It has been known for decades that the microscopic fibers of asbestos, if disturbed, are easily airborne and that millions of fibers exist in an area as small as a penny. That’s the reason asbestos is so dangerous – once it is inhaled or ingested, it can slip through your body’s protective systems and head straight to the lungs or stomach where it manages, over a period of decades, to do maximum damage.
We knew that back in December 2007; we fought back in 2007; the large apartment complex was demolished in 2007. And now, in 2011, the U.S. Environmental Protection Agency (EPA) has issued an Early Warning Report stating that, indeed, asbestos fibers were released during the Fort Worth demolition and that public health may have been threatened.
But even this admission has not been without a fight. Public Justice, a national public advocacy group, and the Natural Resources Defense Council filed a Freedom of Information Act request to get the underlying data about the experiments, yet the EPA did not release most of the documents — more than 26,000 pages — until after the groups sued to force disclosure.

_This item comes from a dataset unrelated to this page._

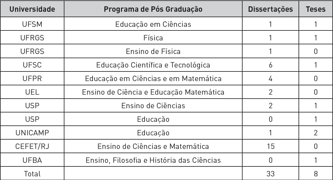 Foram selecionados 41 trabalhos de 11 programas de pós-graduação, sendo 33 dissertações de mestrado e oito teses de doutorado. A relação das universidades, programas de pós-graduação e a quantidade de trabalhos analisados em cada instituição são apresentados na Tabela 1. Os títulos dos estudos encontram-se no Anexo 1. As teses de doutorado são identificadas por D1 a D8, e as dissertações de mestrado por M1 a M33.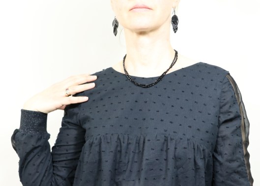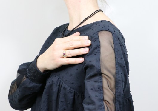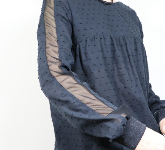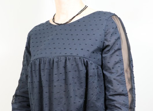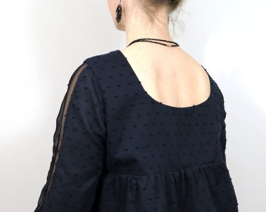 Côté tissu, j’ai voulu jouer sur la matière, la texture, la transparence… Un plumetis de coton noir de chez Les coupons de Saint-Pierre (15€ les 3 mètres) 100% coton selon l’étiquette et un voile de polyester de mon stock pour l’empiècement central de la manche.

Unfortunately, no one can undo the asbestos exposure that occurred in Fort Worth when unsuspecting people happened to be in the wrong place at the right time. There is no magic pill that erases asbestos in your body, just as there is no magic water that will cause asbestos to somehow safely dissipate.
That is why adherence to safe methods of asbestos removal is absolutely critical. And why we need to heed, once and for all, what we already know: asbestos kills.